- _Your task_
The pictures are to be left out when the listing below is reproduced word for word.

- _Source data_
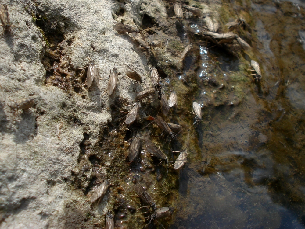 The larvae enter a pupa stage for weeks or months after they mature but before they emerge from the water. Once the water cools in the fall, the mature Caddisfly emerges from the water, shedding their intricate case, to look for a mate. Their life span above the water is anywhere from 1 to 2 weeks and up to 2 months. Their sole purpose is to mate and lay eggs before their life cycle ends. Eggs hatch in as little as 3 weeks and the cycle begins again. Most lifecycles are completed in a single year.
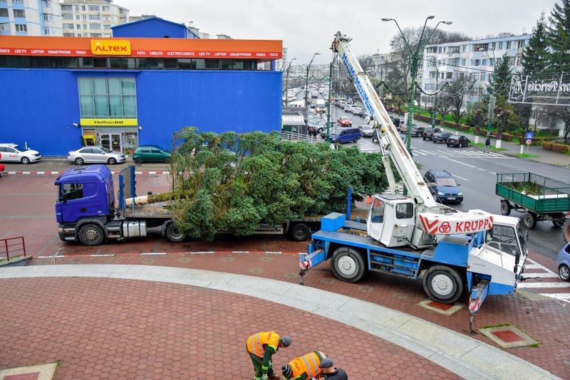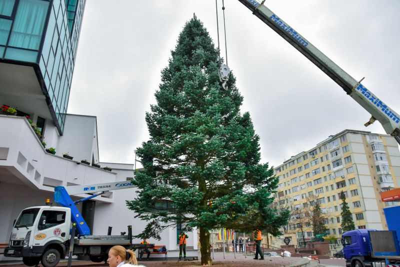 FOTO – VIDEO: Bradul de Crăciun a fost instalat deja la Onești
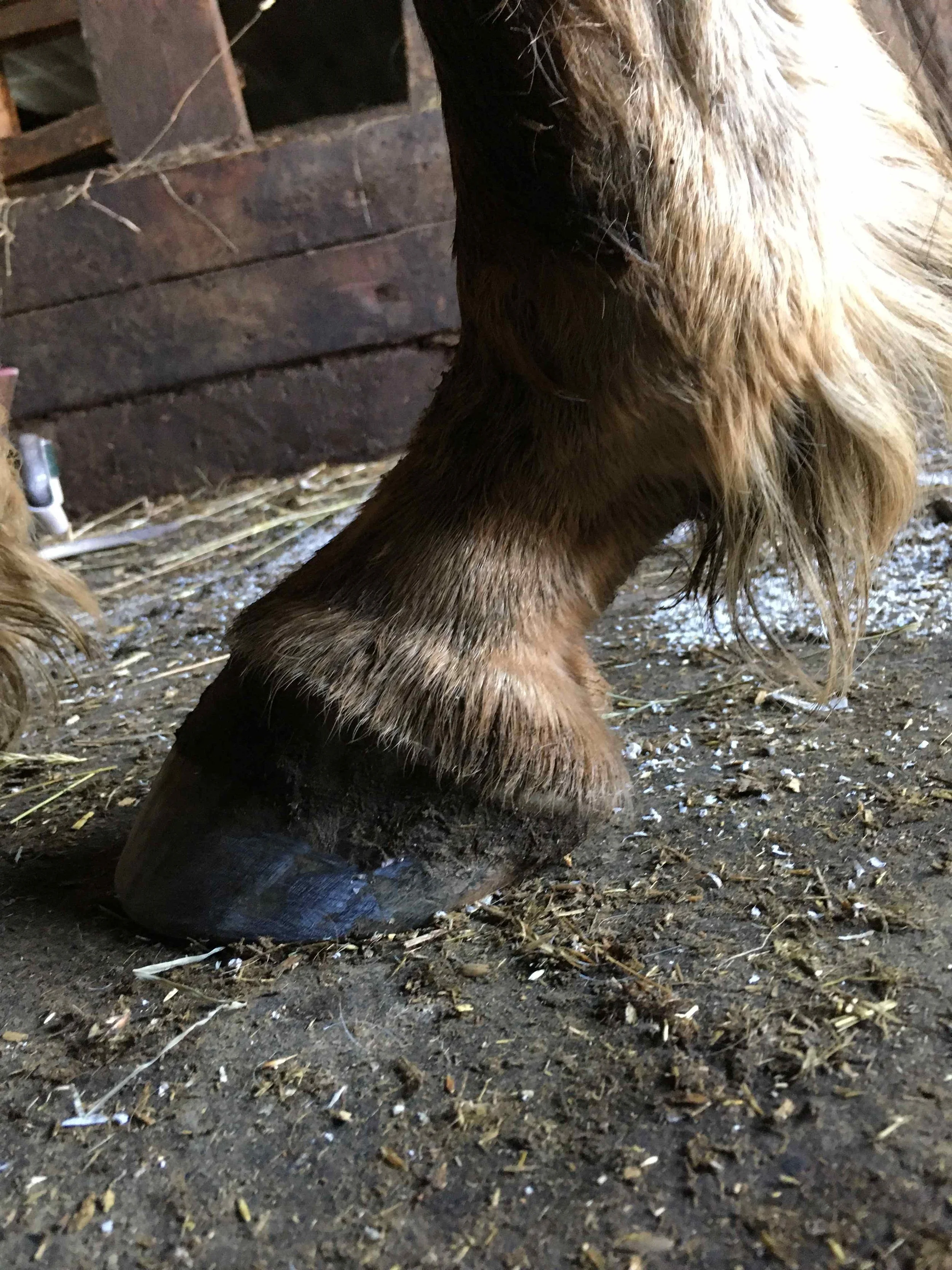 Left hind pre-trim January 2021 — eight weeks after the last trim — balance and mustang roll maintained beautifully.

- _Completed task_
 The larvae enter a pupa stage for weeks or months after they mature but before they emerge from the water. Once the water cools in the fall, the mature Caddisfly emerges from the water, shedding their intricate case, to look for a mate. Their life span above the water is anywhere from 1 to 2 weeks and up to 2 months. Their sole purpose is to mate and lay eggs before their life cycle ends. Eggs hatch in as little as 3 weeks and the cycle begins again. Most lifecycles are completed in a single year.
 FOTO – VIDEO: Bradul de Crăciun a fost instalat deja la Onești
 Left hind pre-trim January 2021 — eight weeks after the last trim — balance and mustang roll maintained beautifully.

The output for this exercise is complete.